» **Data segment**:
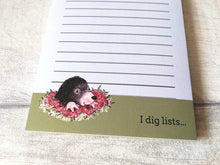 A blue and green notepad, with a mole design at the bottom and the wording I dig lists.
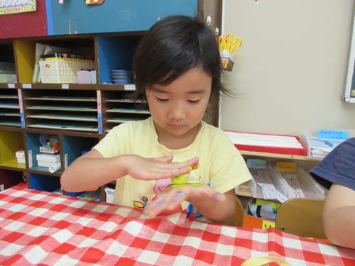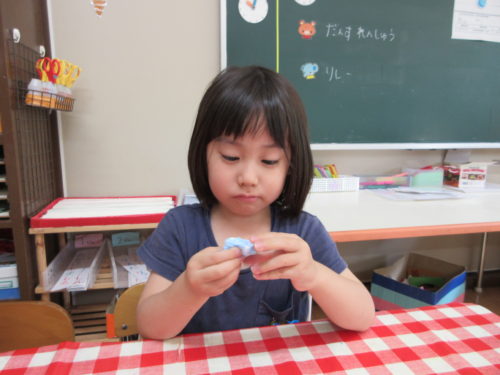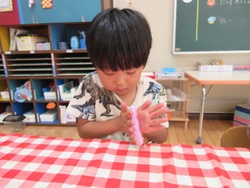 色がよく混ざるように、たくさんこねる。
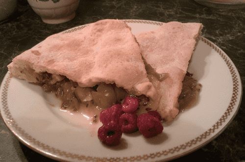 Готовый пирог смазать сливочным маслом и подать к столу с фруктовым соком.
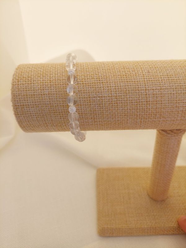 Bracelet en Cristal de roche Diamètre des perles : 4.5 – 7 mm Tour de poignet : 18 cm Le Cristal de Roche est un pierre qui amplifie les énergies. Il aide à la méditation en renforçant la concentration. Il développe la clairvoyance et l'imagination. Le Cristal de Roche recharge et purifie les autres cristaux. Purification : Fumigation ou Eau Rechargement : Soleil ou Lune

» **Problem**:
Without including any picture, output all the material exactly as it appears.

» **Answer for the task**:
 A blue and green notepad, with a mole design at the bottom and the wording I dig lists.
 色がよく混ざるように、たくさんこねる。
 Готовый пирог смазать сливочным маслом и подать к столу с фруктовым соком.
 Bracelet en Cristal de roche Diamètre des perles : 4.5 – 7 mm Tour de poignet : 18 cm Le Cristal de Roche est un pierre qui amplifie les énergies. Il aide à la méditation en renforçant la concentration. Il développe la clairvoyance et l'imagination. Le Cristal de Roche recharge et purifie les autres cristaux. Purification : Fumigation ou Eau Rechargement : Soleil ou Lune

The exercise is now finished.